Air pollution and heat are not the only factors that influence health. Endocrine disrupting chemicals (EDCs) and single-use plastic polymers, which are used in significant supply in US health care, have been found in human blood,18 intestine, and all portions of the placenta.19 Phthalates, an EDC found in medical use plastics and medications to control delivery, have been associated with increasing fibroid burden in patients undergoing hysterectomy and myomectomy.20 The example case patient with fibroids undergoing TLH may have had her condition worsened by exposure to phthalates.

Specific areas for improvement

There is a huge opportunity for improvement to reduce the total carbon footprint of a TLH.

A lifecycle assessment of hysterectomy in the United States concluded that an 80% reduction in carbon emissions could be achieved by minimizing opened materials, using reusable and reprocessed instruments, reducing off-hour energy use in the OR (HVAC setbacks), and avoiding the use of volatile anesthetic gases.21 The sterilization and re-processing of reusable instruments represented the smallest proportion of carbon emissions from a TLH. Data on patient safety supports these interventions, as current practices have more to do with hospital culture and processes than evidence.

Despite a push to use single-use objects by industry and regulatory agencies in the name of patient safety, data demonstrate that single-use objects are in actuality not safer for patients and may be associated with increased surgical site infections (SSIs).
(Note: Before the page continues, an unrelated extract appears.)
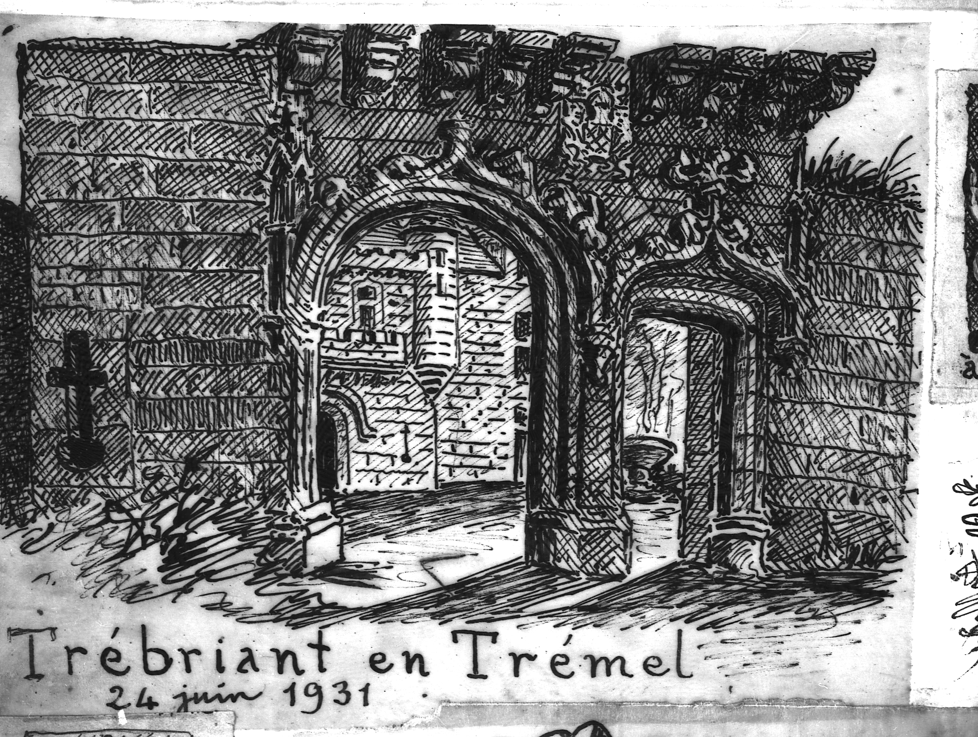 Trémel : manoir de Trébriant, vue du portail d'entrée (portes piétonne et charretière de style Gothique), croquis par Henri Frotier de la Messelière, 24 juin 1931Immatriculation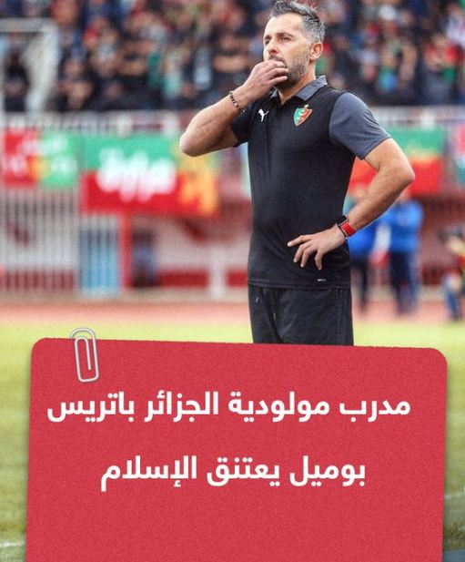أفادت تقارير إعلامية جزائرية بأن الفرنسي باتريس بوميل، مدرب مولودية الجزائر اعتنق الإسلام ونطق بالشهادتين في أحد المساجد بالجزائر العاصمة خلال الأيام القليلة الماضية.

A study from a cancer center in California found that when single-use head covers, shoe covers, and facemasks were eliminated due to supply shortages during the pandemic, SSIs went down by half, despite an increase in surgical volume and an increase in the number of contaminated cases.22 The authors reported an increase in hand hygiene throughout the hospital, which likely contributed to the success of reducing SSIs.

Similarly, a systematic review found no evidence to support single-use instruments over reusable or reprocessed instruments when considering instrument function, ease of use, patient safety, SSIs, or long-term patient outcomes.23 While it may be easy for regulatory agencies to focus on disposing objects as paramount to reducing infections, the Centers for Disease Control and Prevention states that the biggest factors affecting SSIs are appropriate use of prophylactic antibiotics, skin antisepsis, and patient metabolic control.24 Disposing of single-use objects in the name of patient safety will worsen patient health outcomes when considering patient proximity to waste, pollution, and EDCs.
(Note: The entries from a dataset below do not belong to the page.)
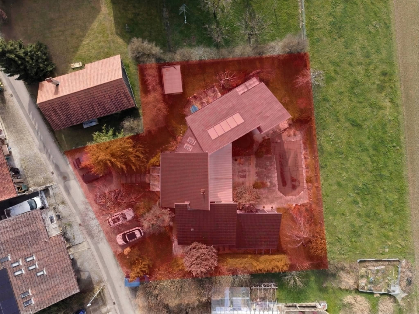 Situated on a plot of approximately 1,264 m², the property benefits from a beautiful, carefully landscaped outdoor space including a garden, terraces and a heated swimming pool, offering an ideal living environment for a family seeking tranquility and high-end amenities.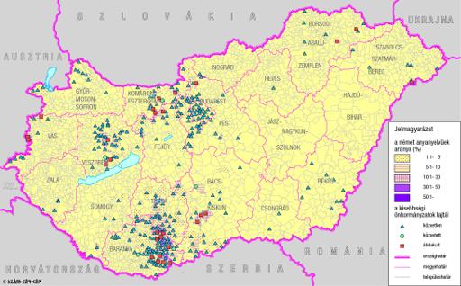 A németek száma és aránya Magyarország területén (2001) és kisebbségi önkormányzataik (2004)
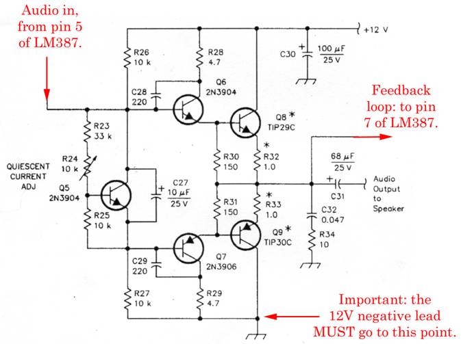 The final part of the circuit is a power amplifier to drive a loudspeaker: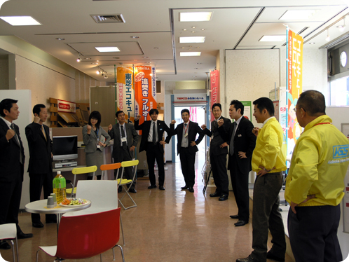 当社やご参加いただいた各メーカー様全員で、気合いの円陣ミーティング。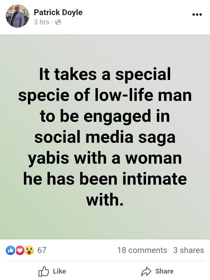 “It takes a special specie of low-life man to be engaged in social media saga yabis with a woman he has been intimate with,” he wrote.

The sterilization process for reusable items is often called out by the medical supply industry as wasteful and energy intensive; however, data refute these claims. A Swedish study researching reusable versus single-use trocars found that a reusable trocar system offers a robust opportunity to reduce both the environmental and financial costs for laparoscopic surgery.25 We can further decrease the environmental impact of reusable instruments by using sets instead of individually packed instruments and packing autoclaves more efficiently. By using rigid sterilization containers, there was an 85% reduction in carbon footprint as compared with the blue wrap system.
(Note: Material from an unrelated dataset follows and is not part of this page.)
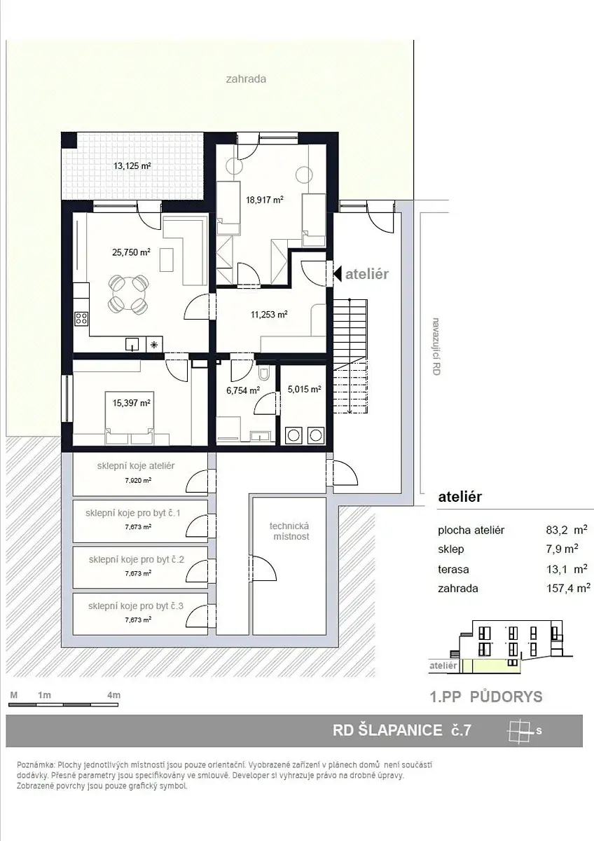 V tomto projektu nabízíme k prodeji ateliér 3+KK s terasou a zahradou.

Electricity use can be easily reduced across all surgical spaces by performing HVAC setbacks during low occupancy times of day. On nights and weekends, when there are very few surgical cases occurring, one study found that by decreasing the ventilation rate, turning off lights, and performing the minimum temperature control in unused ORs, electricity use was cut in half.11

Waste triage and recycling

Reducing regulated medical waste is another area where hospitals can make a huge impact on carbon emissions and costs with little more than education and process change. Guidelines for regulated medical waste sorting developed out of the HIV epidemic due to the fear of blood products. Although studies show that regulated medical waste is not more infectious than household waste, state departments of public health have kept these guidelines in place for sorting fluid blood and tissue into RMW containers and bags.26 The best hospital performers keep RMW below 10% of the total waste stream, while many ORs send close to 100% of their waste as RMW (FIGURE 1b). ORs can work with nursing and environmental services staff to assess processes and divert waste into recycling and regular waste. Many OR staff are acutely aware of the huge amount of waste produced and want to make a positive impact. Success in this small area often builds momentum to tackle harder sustainability practices throughout the hospital.

Continue to: Removal of EDCs from medical products...

 

 

Removal of EDCs from medical products

Single-use medical supplies are not only wasteful but also contain harmful EDCs, such as phthalates, bisphenol A (BPA), parabens, perfluoroalkyl substances, and triclosan. Phthalates, for example, account for 30% to 40% of the weight of medical-use plastics, and parabens are ubiquitously found in ultrasound gel.3 Studies looking at exposure to EDCs within the neonatal intensive care unit reveal substantial BPA, phthalate, and paraben levels within biologic samples from premature infants, thought to be above toxicity limits. While we do not know the full extent to which EDCs can affect neonatal development, there is already mounting evidence that EDCs are associated with endocrine, metabolic, and neurodevelopmental disorders throughout our lifespan.3

 

 

 

30-day climate challenge

Although the example case patient undergoing TLH for fibroids will never need care for her fibroids again, the climate impact of her time in the OR represents the most carbon-intensive care she will ever need. Surgery as practiced in the United States today is unsustainable.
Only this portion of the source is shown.